Jurnal Refleksi Minggu 20

 


Senin-Sabtu, 20-25 September 2021
Membaca materi tentang pemimpin dalam pengelolaan sumber daya pada tahap eksplorasi konsep semakin menambah wawasan saya tentang jenis-jenis aset yang ada di sekolah dan perlu mendapat perhatian khusus, tidak hanya oleh kepala sekolah, namun juga oleh semua unsur yang ada di sekolah. Di samping itu, pada tahap ini kita tidak hanya tahu model dan jenisnya saja, tapi kita juga dibimbing bagaimana cara memaksimalkan semua aset tersebut agar bisa berdampak positif bagi kemajuan sekolah.

Kegiatan berikutnya adalah melakukan diskusi bersama kelompok kecil yang terdiri dari tiga orang yang berasal dari sekolah yang berbeda. Pada tahap eksplorasi konsep forum diskusi ini semua kelompok diminta untuk mendata tujuh aset yang ada di masing-masing  sekolah, sebagai salah satu kekuatan yang dimiliki oleh sebuah sekolah untuk dikembangkan agar menjadi sekolah yang berkualitas.

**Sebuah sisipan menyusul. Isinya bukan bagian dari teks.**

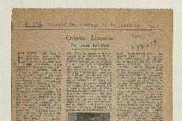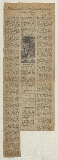 Crónica literaria [artículo] / Juan Loveluck. El Sur (Diario : Concepción, Chile)-- jul. 16, 1961, p. 7. retr. .
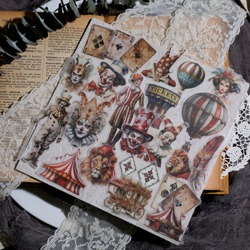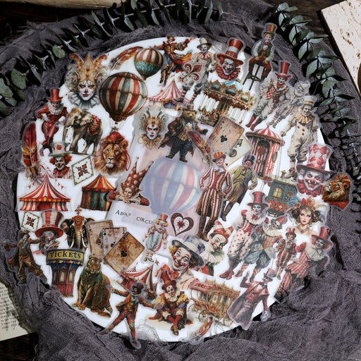 Original price €8,62Current price €6,70| /58pcs Retro Clown Stickers Collage Junk Journal Planner decorativo Circus Lion Stickers Album trasparente materiale Scrapbooking

Dari hasil diskusi di kelompok kecil selanjutnya di presentasikan di depan semua kelompok untuk mendapat umpan balik baik berupa tanggapan, pertanyaan maupun masukan terkait tujuh aset yang ada di sekolah. Disini saya mendapatkan banyak pencerahan tentang berbagai macam kegiatan yang dilakukan oleh masing-masing sekolah untuk memajukan sekolah masing-masing, baik dari unsur abiotik maupun unsur biotiknya.

Lewat diskusi di kelompok besar inilah saya jadi tahu, ternyata banyak CGP yang berasal dari Lombok Barat yang pernah berkunjung ke negara Australia guna meningkatkan kualitas dan kapabilitas diri mereka.

Dari sekian kali saya mengikuti diskusi presentasi di LMS, presentasi kali ini memakan waktu yang lumayan panjang dari pukul 13.30-16.00 WIB. Hal ini disebabkan karena padatnya materi yang dibahas ditambah ada tujuh kelompok yang harus mempresentasikan hasilnya membutuhkan waktu yang lumayan panjang. Berbeda dengan sebelumnya, presentasi hanya dilakukan oleh empat sampai lima kelompok. Gangguan internet yang terjadi juga membuat kegiatan sedikit terhambat. Namun bisa dilaksanakan sesuai harapan.

Setiap sesi dari kegiatan guru penggerak ini semakin membuka paradigma dan cara berpikir saya bahwa seyogyanya pendidikan itu bukan hanya terkait membuat siswa menjadi pintar namun lebih dari itu, seorang guru dituntut untuk mampu mengembangkan kedelapan kecerdasan yang dimiliki para siswa.